April 22, 2015
OTTAWA — Operation NUNALIVUT 2015, one of Joint Task Force (North’s) premier High Arctic operations, concluded today after nearly one month of activity in and around the Cambridge Bay, Nunavut area.
Operation NUNVALIVUT 15 once again highlighted Canada’s ability to respond to threats in the north, bringing together Canadian Armed Forces (CAF) members from 1 Canadian Ranger Patrol Group (1 CRPG), the Third Battalion Princess Patricia’s Canadian Light Infantry (3 PPCLI), as well as airmen and airwomen from the Royal Canadian Air Force, to conduct sovereignty patrols.
The operation also included joint ice-diving operations by Royal Canadian Navy divers and Parks Canada underwater archeologists beneath the Arctic ice in the vicinity of Victoria Strait, Nunavut. The ice-diving operations were part of an effort to learn more about the fate of Her Majesty’s Ship (HMS) Erebus, one of two ill-fated Franklin Expedition ships lost in 1846.
The Honorable Julian Fantino, Associate Minister of National Defence, visited Op NUNALIVUT 15 and met with CAF personnel who, through their participation in the operation, demonstrated Canada’s readiness and ability to operate in the challenging Arctic environment to counter any threats to Canadian interests in the region.
Commanded by Joint Task Force (North), Operation NUNALIVUT 2015 ran from 1-22 April and involved more than 200 personnel deploying from across Canada.
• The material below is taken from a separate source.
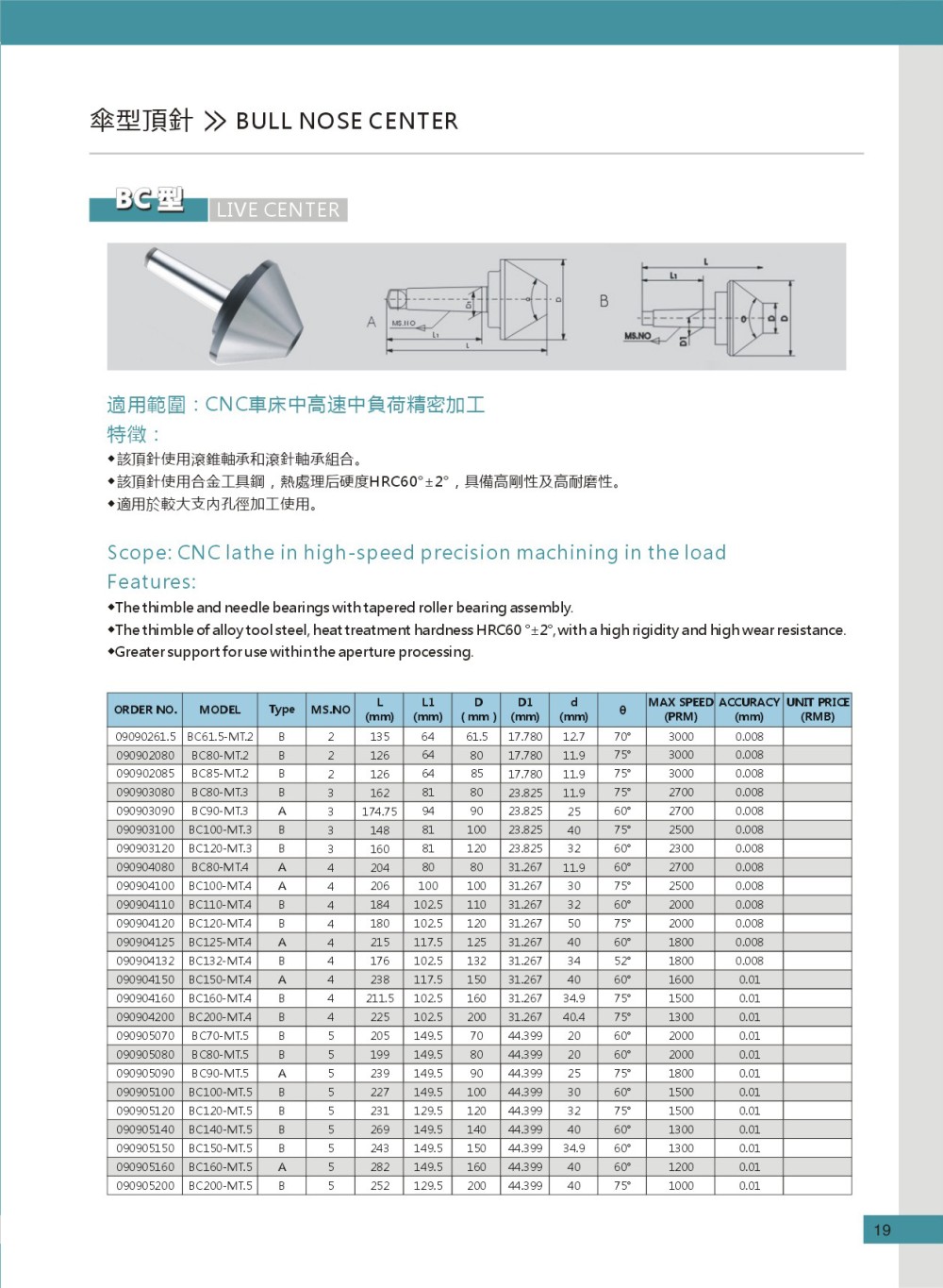 和舜NCK-MT加长高速精密回转顶针

A temporary camp was built near the site of the North Warning System (NWS) Cambridge Bay site to provide accommodations for military personnel making up the operations and support component of Operation NUNALIVUT 15.
To build the camp, 45 Tonnes of equipment had to be shipped north from Yellowknife and other locations further south.
Operation NUNALIVUT is a sovereignty operation conducted annually since 2007 in Canada’s North, providing an opportunity for the Canadian Armed Forces (CAF) to assert Canada’s sovereignty over its northernmost regions, to demonstrate the ability to operate in the harsh winter environment in remote areas of the High Arctic, and to enhance CAF capability to respond to any situation in Canada’s North.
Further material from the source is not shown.